Open this Project on RStudio.Cloud!

In this workshop, you will work with three datasets from Japanese prefectural elections, applying our new inferential statistics to interpret the relationship between key traits of candidates and elections. At each step, please be thinking about what direction (positive/negative) and strength of association these statistics indicate. Please load the packages below to begin!

0. Packages

Please load the following packages:

library(tidyverse) # contains dplyr, ggplot, readr 
# - one package to rule them all!
library(viridis)
library(infer) # our new inferential statistics pacakage



Task 1: Difference of Means

Import your dataset, which contains a list of electoral districts in specific elections from 2000 to 2017. Filter it to just the years 2010 and 2011. Below, you will learn to calculate the difference in mean voter turnout between these years.

# Import and filter your data
myturnout <- read_csv("japan_turnout.csv") %>%
  filter(election_year %in% c(2010, 2011)) 

# View the first 6 rows with the head() function
myturnout %>%
  head()

Calculate the mean turnout rate for each year, using group_by() and summarize().

myturnout %>%
  group_by(election_year) %>%
  summarize(mean = mean(turnout_rate))

Run your first difference of means test (a.k.a. a t-test)! Be sure to put the treatment group (2011) first, and the control group (2010) second.

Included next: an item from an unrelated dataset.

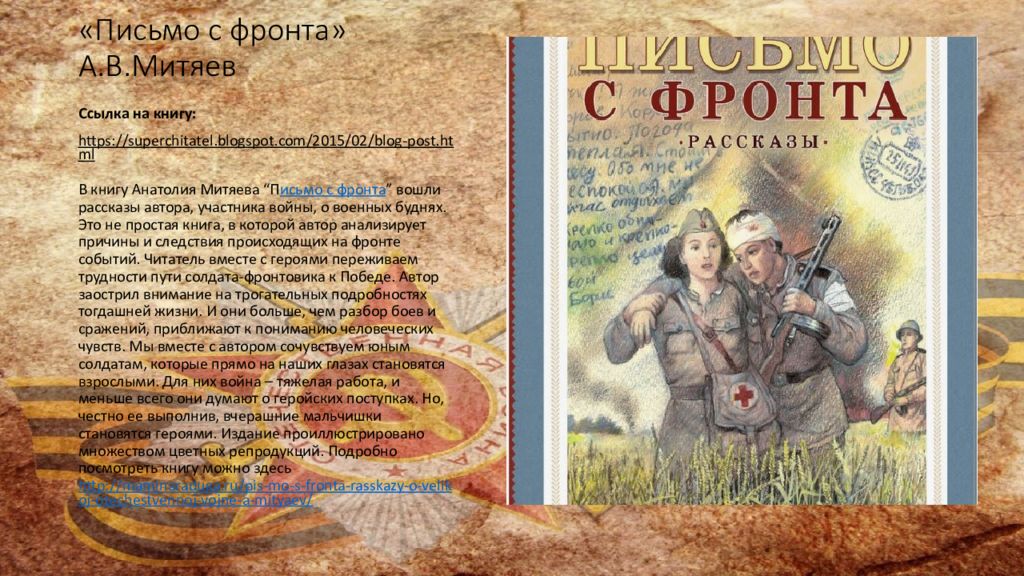 Ссылка на книгу: https://superchitatel.blogspot.com/2015/02/blog-post.html В книгу Анатолия Митяева “П исьмо с фронта ” вошли рассказы автора, участника войны, о военных буднях. Это не простая книга, в которой автор анализирует причины и следствия происходящих на фронте событий. Читатель вместе с героями переживаем трудности пути солдата-фронтовика к Победе. Автор заострил внимание на трогательных подробностях тогдашней жизни. И они больше, чем разбор боев и сражений, приближают к пониманию человеческих чувств. Мы вместе с автором сочувствуем юным солдатам, которые прямо на наших глазах становятся взрослыми. Для них война – тяжелая работа, и меньше всего они думают о геройских поступках. Но, честно ее выполнив, вчерашние мальчишки становятся героями. Издание проиллюстрировано множеством цветных репродукций. Подробно посмотреть книгу можно здесь http://maminaraduga.ru/pis-mo-s-fronta-rasskazy-o-velikoj-otechestvennoj-vojne-a-mityaev/

The statistic field contains your t-statistic, and the estimate contains your raw difference of means. (Don’t worry about the other columns for now.)

myturnout %>%
  t_test(formula = turnout_rate ~ election_year, 
         order = c("2011", "2010"))


Learning Check 1:

  • How much did voter turnout increase on average in 2011 elections compared to in 2010?
  • How much different was voter turnout on average in 2012 elections compared to in 2010?
  • Note: you will need to re-import and re-filter your data.
# Be sure to tidy up afterwards
remove(myturnout)



Task 2: Crosstabulation and the Chi-squared statistic

Next, we’re going to investigate a dataset, where each row represents a person running for office in a specific district race in a given year. Filter it just to the year 2011.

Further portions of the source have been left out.